Die Schwänzerei nahm zu und er konnte nur noch durch Sozialarbeiter der Schule in die Schule bewegt werden. Das Zeugnis der 8. Klasse ist also ohne Bewertung. Ich nahm ihn dann von der Schule und in Zusammenarbeit mit dem Jug. Amt habe ich ihn in eine Schuleinrichtung bekommen mit Kleinklassen und Pädagogen. Auch dort nach 4 wöchiger Begeisterung fand mein Sohn die Schüler so schrecklich,und wieder ließ seine Begeisterung rapide nach. Seit dieser Zeit hat mein Sohn einen Steam-Account. Das bisschen Taschengeld landet nur dort. Er macht nichts mehr mit mir. Er hat keine Freunde. Nur Online. Jeden Tag schreit er in dieses Headset wie verrückt und oftmals bis in die Nacht. Er spielt LOL, Minecraft,Counter Strike, Battlefield, Call of Duty und was weiß ich was alles für Spiele. Es muß auch immer wieder ein Neues her. Er hat keine Wünsche nur was den PC- anbelangt. Neue Karte, neues Motherboard etc. Außerdem wenn er nicht spielt gibt es youtube mit Grongh etc Lets plays ( schreibt man das so?) Diese sind ihm ebenso wichtig, Le Floyd und Co von immenser Wichtigkeit wie auch der TV.

Seit 2 Monaten geht er überhaupt nicht mehr in die Schule. Mit der bin ich aber noch in Verbindung. Das allerschlimmste ist aber, dass sich die Situation hier massiv zugespitzt hat. Mein Sohn (der eigentlich sehr sensibel und sehr lieb sein kann) tut nichts außer mich angreifen. Vor ca. 1 Jahr zog ich das Kabel hier raus, weil er nicht aufhören wollte, da gab es das erste Gerangel hier. Mittlerweile geht er auf mich los, nimmt mich an den Handgelenken etcschubst mich aus seinem Zimmer und beschimpft mich mit den allerschlimmsten Schimpfwörtern.

Ich war jetzt in einer Online-Suchtberatungsstelle und dort riet man mir ....ich muß meinem Sohn den Leidensdruck erzeugen! Er hat keinen Leidensdruck denn ihm geht es bei mir gut. Das habe ich verstanden. Auch verstehe ich (erst jetzt) meine falsch verstandene Liebe, ihn mit allem zu unterstützen und ihm zu ermöglichen was geht. Wir hatten ja immer wenig Geld und somit konnte ich damit wenigstens was Schönes bieten. Wie falsch von mir.

Er tut so gut wie nichts im Haushalt, das Zimmer stinkt und alles liegt am Boden und das seit Monaten.
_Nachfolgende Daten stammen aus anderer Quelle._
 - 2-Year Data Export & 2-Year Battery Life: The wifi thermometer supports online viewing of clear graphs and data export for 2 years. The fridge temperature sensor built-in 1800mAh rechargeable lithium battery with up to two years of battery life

Kleidung räumt er nicht in die Schränke (ich auch nicht mehr) , Schule nichts, Zähne werden so gut wie nie geputzt, Duschen alle 2 Wochen, Hygiene lässt zu wünschen übrig. Gegessen wird seit Monaten nicht mehr mit mir, überhaupt ist alles mit mir doof und blöd und langweilig. Das habe ich der Pubertät geschuldet.


Heimatstadt Berlin
Donnerstag, 3.Mär 2016, 23:05

Seestern Benutzer ist offline

Benutzer Benutzer
Themenstarter
Anzahl Beiträge: 25
Mitglied seit: 02.03.2016
Was mache ich nur....brauche dringend Hilfe!!! Teil 2

Er sitzt nur zuhause. Kein Sport, keine weiteren Interessen, mit dem Hund geht er für 10 Minuten, Freunde hat er ja schließlich Online.
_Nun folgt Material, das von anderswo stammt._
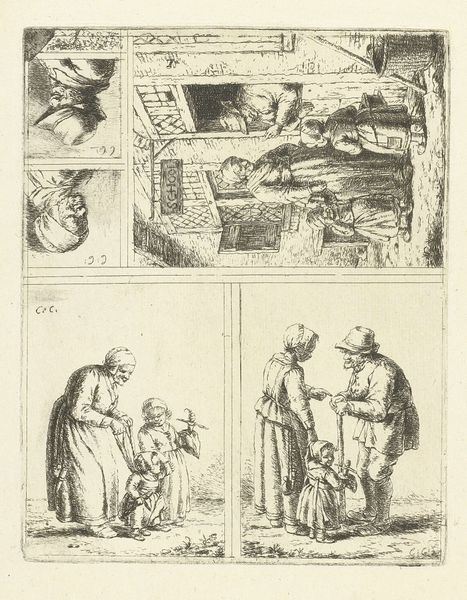 Curator: Looking at this print by George Cruikshank, we see two scenes from Cinderella, one above the other. It's titled "The Pumpkin, and the Rat . . .," and it captures the magical transformations central to the fairy tale. Editor: Ah, the energy! The top scene, with the fairy mid-spell, feels almost frantic. It's like a whirlwind of potential, don't you think? Curator: Absolutely. Cruikshank's style, with its detailed line work, emphasizes the chaotic nature of magic disrupting everyday life. And it places the kitchen as a stage for social mobility. Editor: Right. A pumpkin, a rat, a kitchen, suddenly elevated to something of utmost importance. Makes you wonder about all the hidden potential in the mundane, doesn't it? Curator: It really does, yes. And Cruikshank, though popular, was also quite critical of societal superficiality. Perhaps he saw a bit of himself in Cinderella, trying to make a statement. Editor: Perhaps! A reminder that sometimes, all it takes is a little magic – or a lot of hard work and luck – to change your story. Curator: And that the symbols of transformation can be found in the most humble places.

Am 10. März habe ich einen Termin bei der Erziehungsberatungsstelle in Zusammenarbeit mit dem Jugendamt. Warum?
Ich schaffe es seelisch nicht, meinem Sohn den Leidensdruck zu verschaffen,, den er bräuchte. Ich kann das W-Lan nicht ausmachen ohne erstens Gefahr zu laufen,dass mein Sohn handgreiflich ( erst vor einer Woche stand er mit geballter Faust vor mir und war kurz davor mich ins Gesicht zu schlagen ) wird, randaliert etc und zweitens wird er alle Register ziehen. Schreien, schimpfen, beleidigen, aber auch weinen.
Es ist vielleicht schwer zu verstehen aber ich halte es nicht aus, es bricht mir das Herz, weil ich weiß, ich nehme ihm alles was er hat. Auch habe ich Angst vor einem Suizid meines Sohnes. Ich weiß nicht, ob das realistisch ist aber es ein Gefühl, was schwer wie Blei auf mir liegt.

Ich habe der Frau beim Jug- Amt die Situation geschildert und es geht um evt. betreutes Wohnen für meinen Sohn, dies entscheidet die Erziehungsberatungsstelle. Ein Helfer hier zuhause wird es nicht bringen. Nun, nachdem ich hier einige Berichte gelesen habe frage ich mich, kann das der Weg sein? Mein Sohn will auf keinen Fall ins betreute Wohnen, Argument: Dort kann er nicht so zocken. Ansonsten aber kotzt es ihn hier an, weil ich ja nur meckere.
Hin und wieder kommt noch...ich habe dich sehr lieb, Mama aber das auch nur, wenn er sich hier frei und ohne mein Geschimpfe bewegen kann.

Meine Frage an Euch: Mein Sohn hat ganz sicher Depressionen und zwar schon lange (wurde schon damals ins Protokoll bei der ADS Diagnose geschrieben) dazu kommt der exzessive Medienkonsum. Handy, Fernseher, PC-Spiele. Er geht morgens mit dem Handy ins Bad, dann wird der PC hochgefahren und der Fernseher gestartet. Irgendwer scheint immer Online zu sein. Das geht von morgens bis abends seit einer gefühlten Ewigkeit.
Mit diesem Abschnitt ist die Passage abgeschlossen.